Business Analytics and The Customer

In the past, customers used to rely on the expertise of a salesperson to help them find what they wanted in a store. Today’s customers, however, are bombarded with options and information when they look to make a purchase.

C24 know your customer

Despite the huge increase in available information, customers instead struggle to find the products that will suit them best.  Fortunately, the advances in technology, data collection, and business analytics are now making it possible for businesses to improve customer experience. With today’s technological advancement, data has become the currency of the digital economy. Many businesses are collecting their stockpiles of this currency via business analytic tools, CRM systems, and loyalty programs, among others. Customers are also more willing than ever to share what they think about a product and their experiences via social media and forums. This allows businesses to gain customer feedback on their products or services, and at the same time provides customers with more information before they make a purchase.


Know Your Customer

Advances in information technology allows businesses to collect data on their customers and better understand what those customers do, want and need.  Valuable data on customers for businesses can be relatively basic and easy to acquire, often via free or low cost methods. Data can include gender, age, geographical location, interests, and even online browsing activity, layered against more complex data collection resulting from interactions with your company.

Business intelligence software aggregates these different data sources to provide valuable insight into the patterns that mark the behaviour and trends of our customers. The growing availability of social, mobile, and location information also creates new data sets that businesses can mine to extract more information.
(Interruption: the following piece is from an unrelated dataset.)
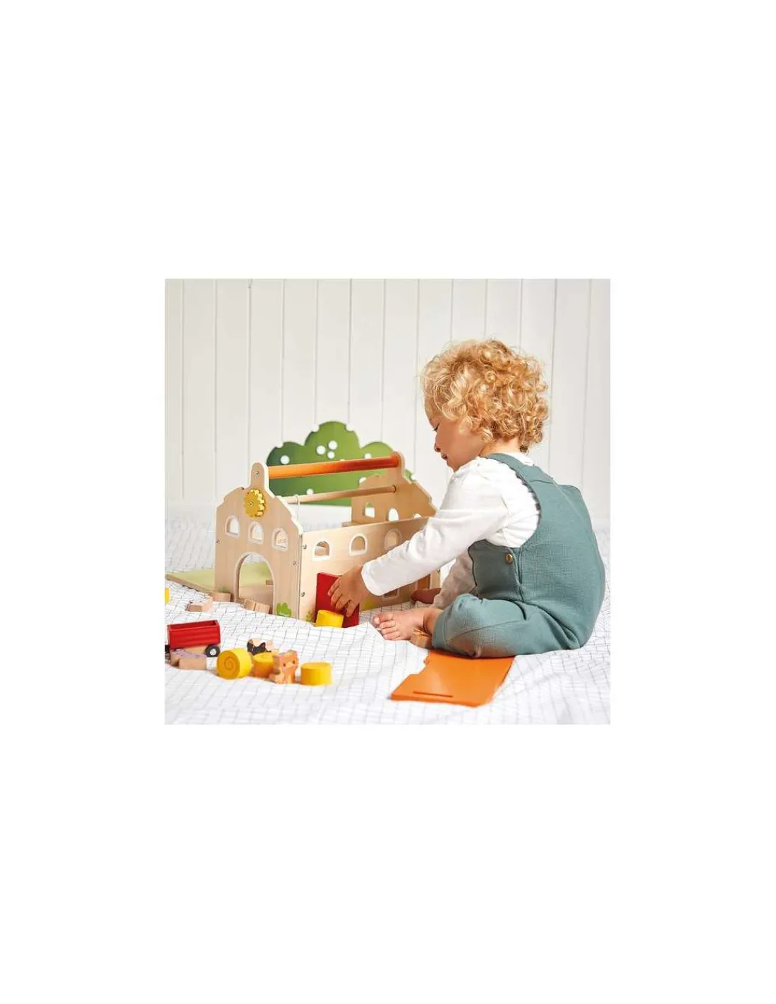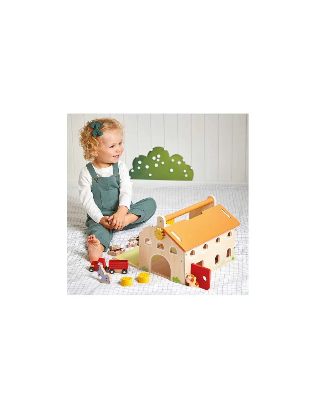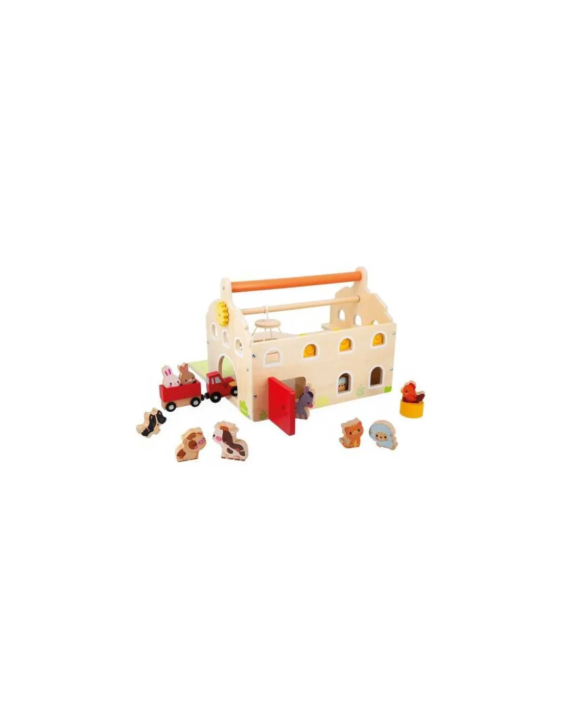 Pratique, grâce à sa poignée vous pourrez transporter cette jolie ferme facilement. Un jouet en bois d’une grande qualité, idéal pour développer l’imagination et découvrir l’univers de la ferme en s’amusant.

Armed with increasingly granular data, businesses can generate customized offers that point customers to the right products, at the right moment. This takes the guesswork out of sales. As a result, businesses can create marketing campaigns that can more precisely target and communicate with the right customers, determine which campaigns have the biggest impact on sales, build stronger relationships with customers, and in the end, increase market share and profit.


Keep Your Customer

Recent research carried out by Zendesk, a customer support company, found that customers are more likely to share their bad experiences than the good ones. Zendesk found that 33% of the surveyed customers would share their good experiences with at least five people. However, if the experiences were bad, 54% of the surveyed customers would share their experiences with more than five people. Social media becomes an easy platform for customers to share information and experiences quickly and conveniently. With just a few clicks, news can reach tens of thousands of people, and news of bad customer service tends to reach more ears than praise for good experiences. Also, according to the White House Office of Consumer Affairs, it is 6–7 times more expensive to acquire a new customer than it is to keep an existing one. Therefore, it is worth it for businesses to take the time to address unhappy customers and remedy the situation, and avoid any negative word of mouth exposure.

Further to these findings, research completed by the Pew Research Center’s Internet and American Life project in 2010 found that 58% of Americans conduct online research about products and services that they are considering purchasing. In other words, customers no longer base their purchasing decisions on product price alone. In fact, as pointed out by the Customer Experience Impact Report by Harris Interactive and RightNow, 9 out of 10 consumers say that they would pay more to ensure a better customer experience. Major factors that affect their decisions include other customers’ reviews, experiences, and recommendations. With the increased ease of access to information online, consumers can shop around until they find the products and services that suit them best.

In a way, this decreases customer loyalty. Customer experience has become the benchmark for differentiating between companies and brands. Businesses that offer consumers less than idea experiences will see their customers defect to competitors.  Businesses can now spot these trends before action is taken to leave or defect to a competitor through social media monitoring and analysis.


Know Your Own Data

What is also increasing is that customers want access to their own data when they need it – often instantly and in real-time. Customers now expect to be able to check the status of their orders, receive updates to their services, and see where their billing is upto – and companies without the ability to generate reports in real-time will fall behind as consumers recognise they can receive a better and more informed service elsewhere.

Even though data sharing between businesses and consumers is not an entirely new concept, it has been primarily focused on customer service interactions. It hasn’t been viewed as a way for businesses to build relationships with their customers and gain insight into how to better market to them. By sharing valuable data insights with their customers, businesses can strengthen relationships and increase their product usage and the overall customer experience. For example, a car manufacturer could monitor customers’ driving behaviours and share tips on how they could conserve petrol usage or become better drivers.



Data is an unlimited resource that will continue to expand as our technology advances. As more data become available, businesses that have systematically gathered data points about their customers can make much more effective marketing and sales strategy decisions. This new level of information also allows businesses to provide a better customer experience, and differentiate themselves from the competition.